2 . The component of claim 1 , wherein one or more of the boundary region and the filler region includes a nickel-based superalloy having a composition, by weight, of about 14% chromium, about 9.5% cobalt, about 3.8% tungsten, about 1.5% molybdenum, about 4.9% titanium, about 3.0% aluminum, about 0.1% carbon, about 0.01% boron, about 2.8% tantalum, and a balance of nickel.

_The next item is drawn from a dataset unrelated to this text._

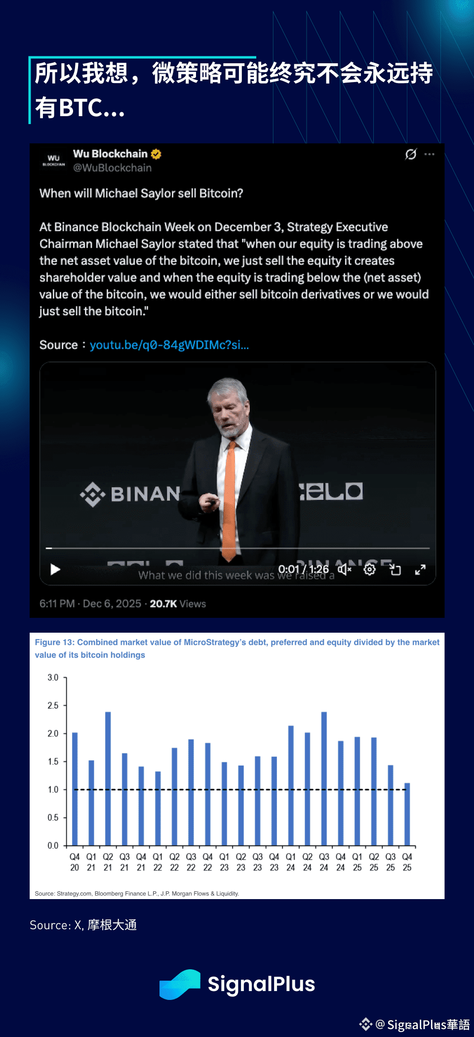更棘手的是,全球DATs的暴跌引发了市场对供应过剩以及在这些上市公司股价大幅低于其持有的BTC价值时可能引发强制抛售的广泛担忧。微策略(MSTR)面临的压力最大,目前该公司债务加股权的总价值与其持有的BTC价值相比,溢价已微乎其微。当被问及如果这一比率跌破1会发生什么时,塞勒给出了令人担忧的回答:

3 . The component of claim 1 , wherein one or more of the boundary region and the filler region includes a nickel-based superalloy having a composition, by weight, of about 9.75% chromium, about 7.5% cobalt, about 3.5% titanium, about 4.2% aluminum, about 6.0% tungsten, about 1.5% molybdenum, about 4.8% tantalum, about 0.08% carbon, about 0.009% zirconium, about 0.009% boron, and a balance of nickel.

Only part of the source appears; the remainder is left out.